[What you have to do] Would you give again, exactly as written, the lines from the opening of the records to the line with "Control Lub Gel", that line included and pictures excluded?

Records from a data source:
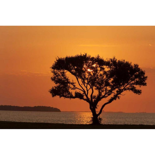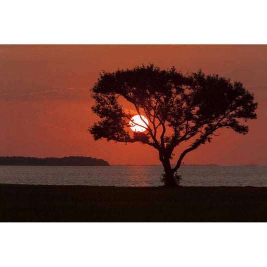 FL, Everglades NP, Tree silhouetted at sunrise Gold Ornate Wood Framed Art Print with Double Matting by Kaveney, Wendy
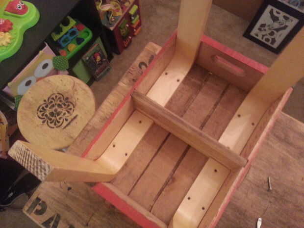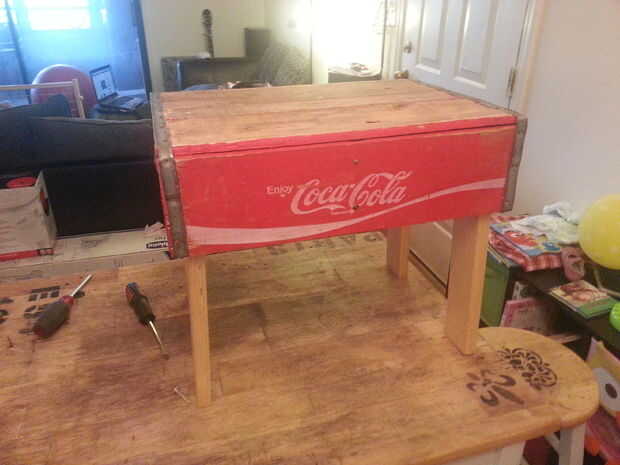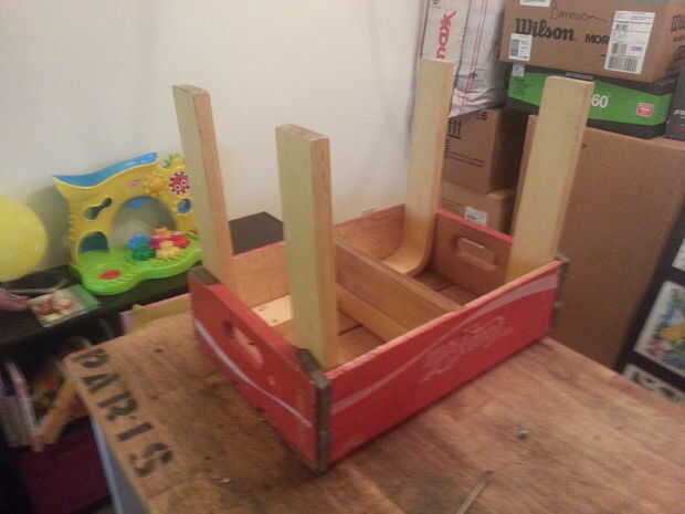 Ahora que tienes las piernas posición, usar el extra clavos para attatch les desde lo alto de la tabla (anteriormente la parte inferior de la caja). También he añadido un clavo a cada lado donde las piernas se bajan a agregar un poco de estabilidad a la tabla. Después de eso, ¡ listo!
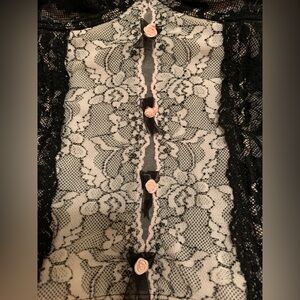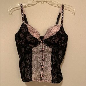 -- PINK & BLACK LACE BRA LINGERIE CORSET, CLOSES WITH HOOK & EYE IN THE BACK, UNDERWIRE AND BONING PRESENT
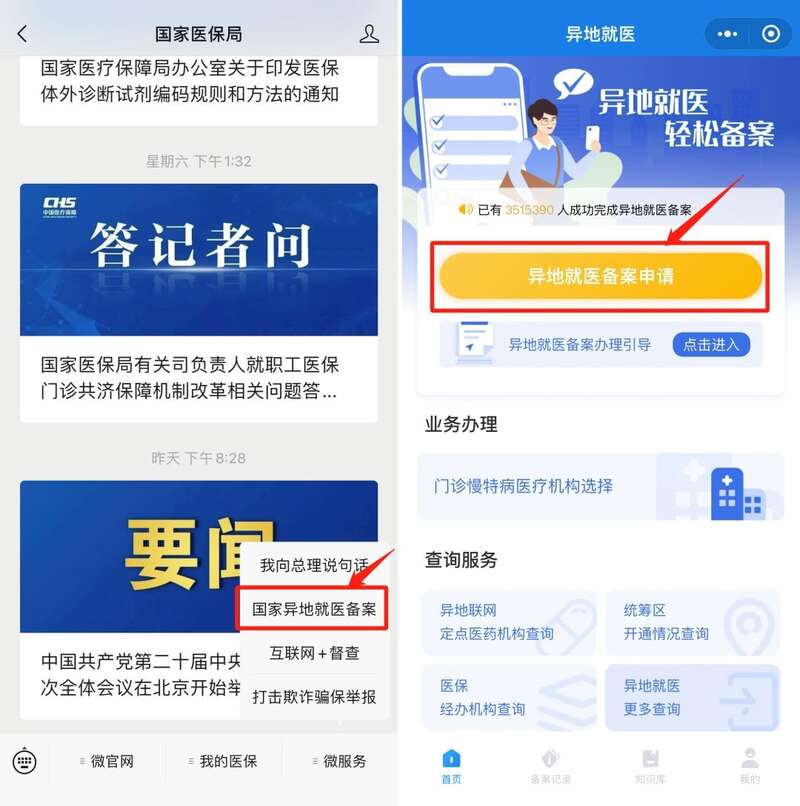 为了给参保人提供更为便捷的服务,国家医保局微信公众号目前已开通异地就医备案办理功能。符合条件的参保人只需简单几步操作,即可完成跨省异地就医备案,并在异地就医时实现直接结算。
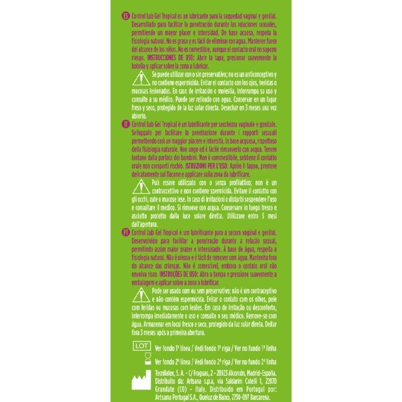 Control Lub Gel Tropical é um lubrificante para ressecamento vaginal e genital desenvolvido para facilitar a penetração durante a relação sexual permitindo maior prazer e intensidade. À base de água, respeita a fisiologia natural. Não é gorduroso e é fácil de remover com água
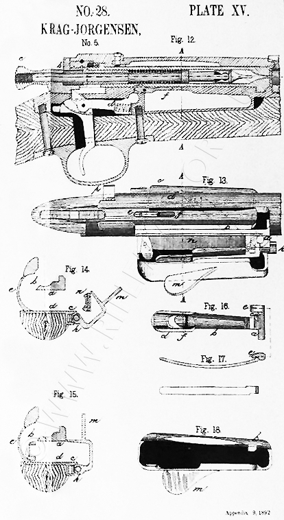 The bolt mechanism acts in an exactly similar manner to that already described in the Danish Krag Jörgensen, except that the ejector throws out the cartridge as above described, instead of striking the base of the cartridge.
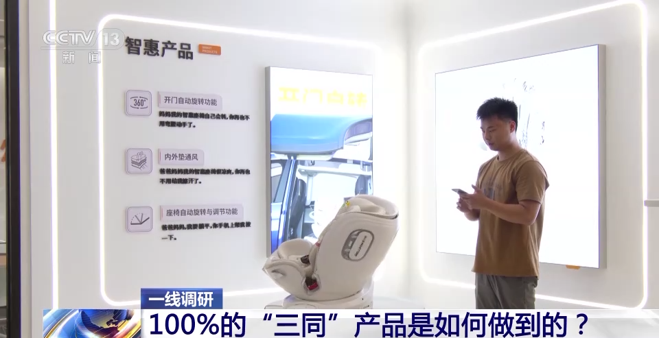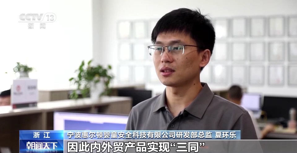 宁波惠尔顿婴童安全科技有限公司总经理 陈振超:我们首先解决了“同标”的难题。“同质”和“同线”也就不是什么问题了,因为我们内外贸产品所有零配件都是统一的,生产的工序也一样。就这样我们实现了全线的“三同”。
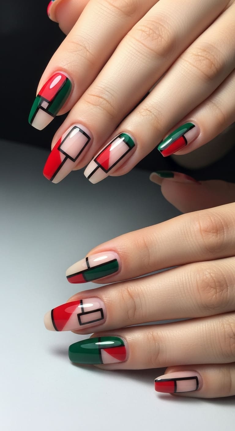 Modern geometric designs featuring bold blocks of red and green create an artistic, fashion-forward aesthetic. These angular shapes and clean lines give your manicure an editorial quality that looks incredibly chic.
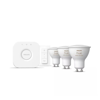 Philips Hue obsahuje vše, co potřebujete k vytvoření chytrého osvětlení ve vašem domově. Sada zahrnuje Hue Bridge, tři chytré žárovky a vypínač se stmívačem, který vám umožní začít ihned ovládat světla podle vašich představ.
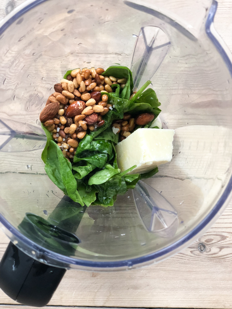- Salat med bagte hvidløgstomater, agurk og ristede pinjekerner (Halver cherrytomater og kom dem i et fad med lidt olie, salt, hvidløg og frisk timian – bag dem i ovnen ved 200 grader i ca. 15 minutter – Kom frisk spinat i en skål sammen med agurk og de her tomater fra ovnen inkl. olien de ligger i – top med ristede eller bagte pinjekerner)
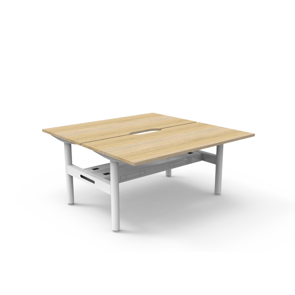 • Natural Oak top White Satin frame. Double sided workstation with cable tray.
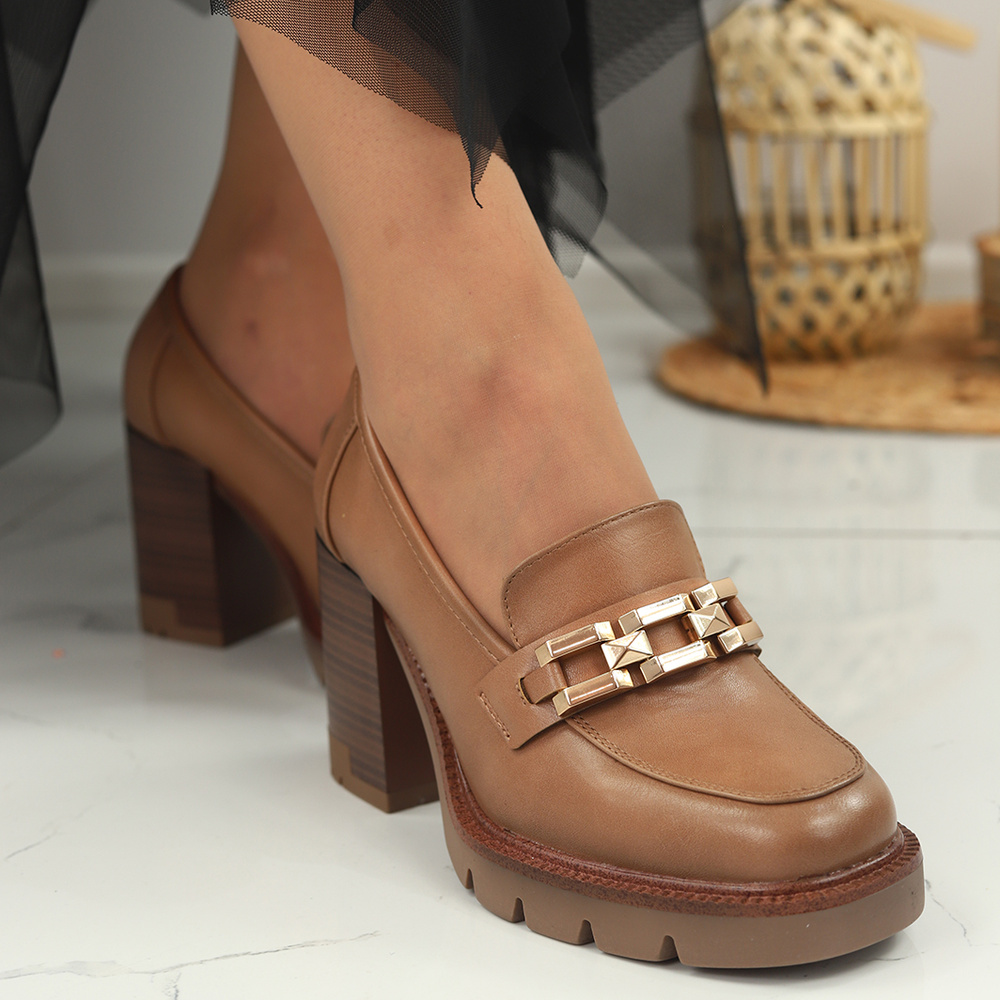 Opinie o Półbuty beżowe na słupku z klamerką Potocki
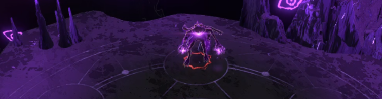 ①第一形態 端にテレポートから直線状に大剣の衝撃波:残HPがだいたい4分の1以下になると無敵状態となり、テレポート後に連続で円形範囲予測が表示され大剣の衝撃波が発生します。予測が表示されてから攻撃が発生するまで猶予が短いため、すぐに範囲外に回避行動をとりましょう。
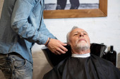 Zadowolony dojrzały mężczyzna komunikuje się z master
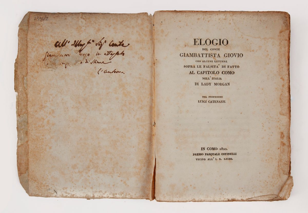 Luigi Catenazzi. Elogio del Conte Giambattista Giovio con alcune lettere sopra le falsità di fatto al capitolo Como nell'Italia di Lady Morgan, Pasquale Ostinelli, Como 1822
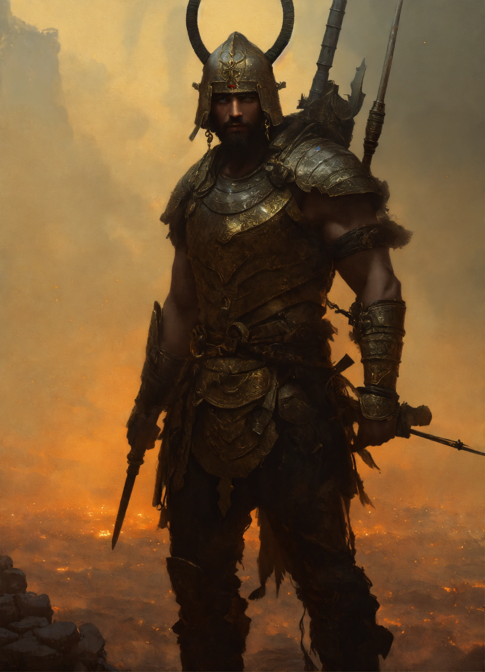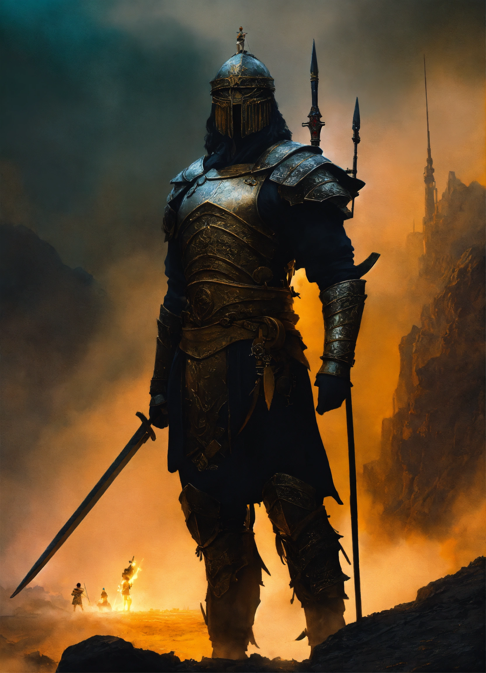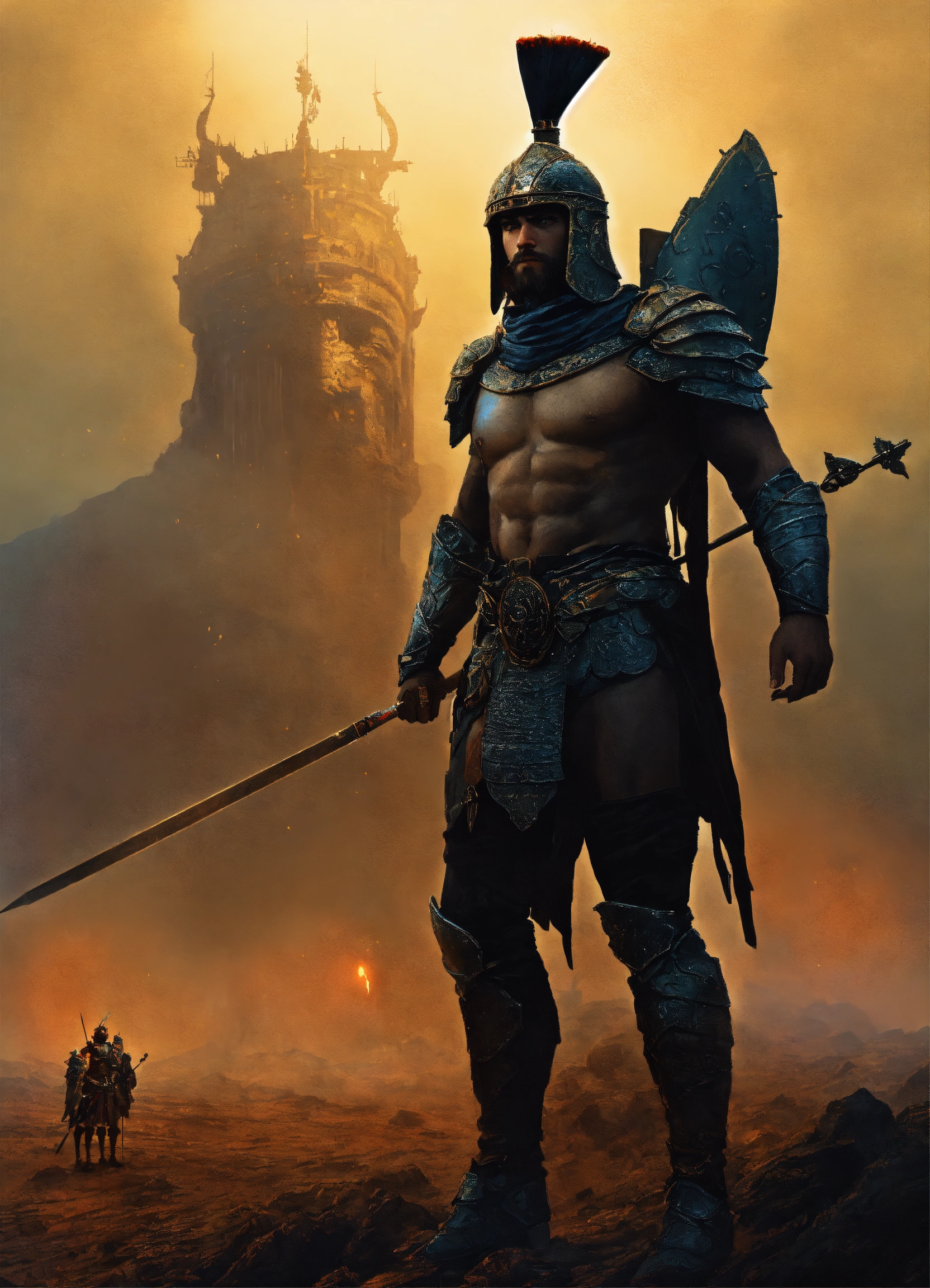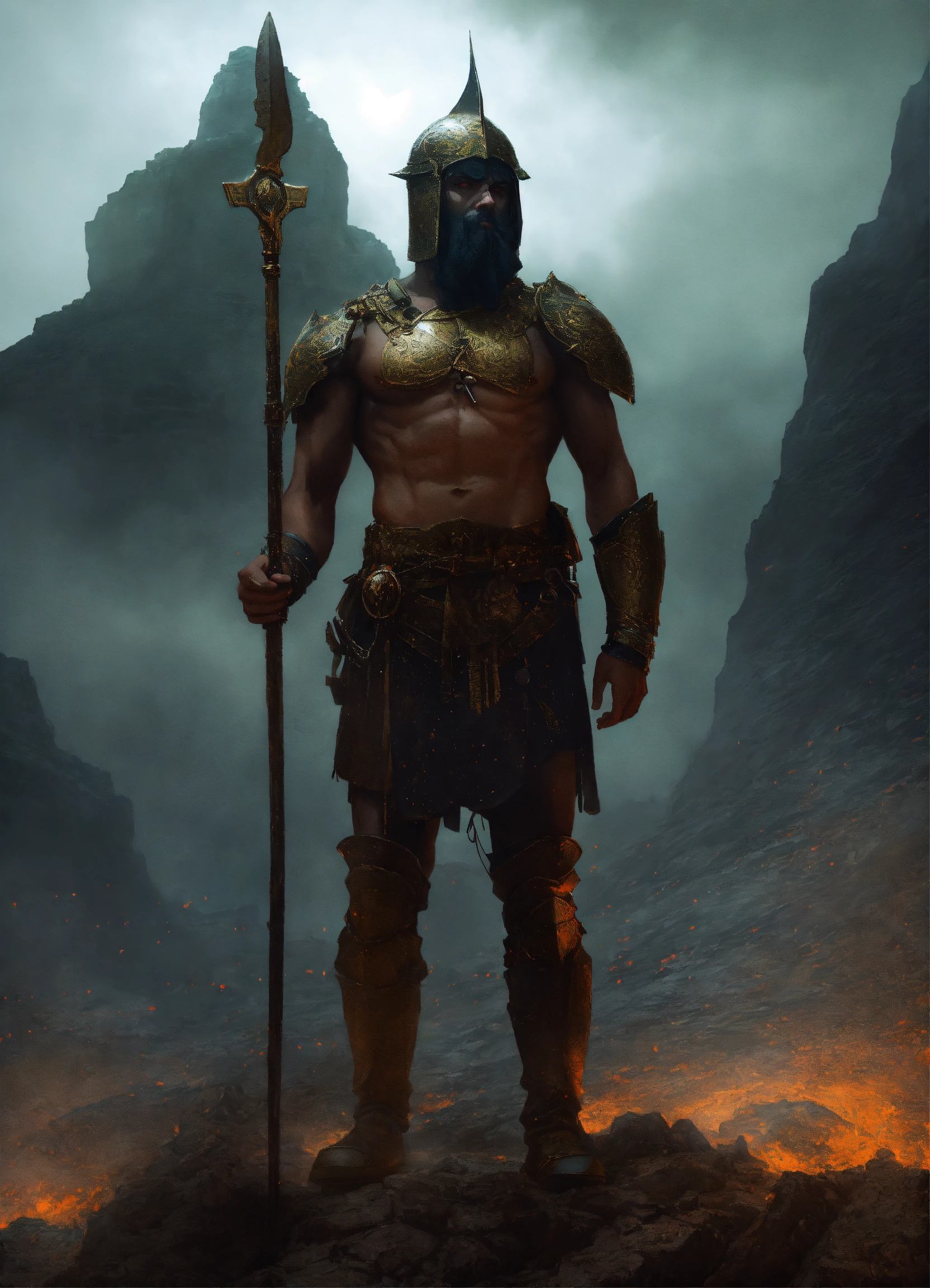 Goliath in phillistine armor standing above a young david the israelite holding a sling shot, dense black oil, metallic, fog and dust, hyperrealistic macro photo by wlop and zdzislaw beksinski [glowing eyes]"

[Output of the exercise]
 FL, Everglades NP, Tree silhouetted at sunrise Gold Ornate Wood Framed Art Print with Double Matting by Kaveney, Wendy
 Ahora que tienes las piernas posición, usar el extra clavos para attatch les desde lo alto de la tabla (anteriormente la parte inferior de la caja). También he añadido un clavo a cada lado donde las piernas se bajan a agregar un poco de estabilidad a la tabla. Después de eso, ¡ listo!
 -- PINK & BLACK LACE BRA LINGERIE CORSET, CLOSES WITH HOOK & EYE IN THE BACK, UNDERWIRE AND BONING PRESENT
 为了给参保人提供更为便捷的服务,国家医保局微信公众号目前已开通异地就医备案办理功能。符合条件的参保人只需简单几步操作,即可完成跨省异地就医备案,并在异地就医时实现直接结算。
 Control Lub Gel Tropical é um lubrificante para ressecamento vaginal e genital desenvolvido para facilitar a penetração durante a relação sexual permitindo maior prazer e intensidade. À base de água, respeita a fisiologia natural. Não é gorduroso e é fácil de remover com água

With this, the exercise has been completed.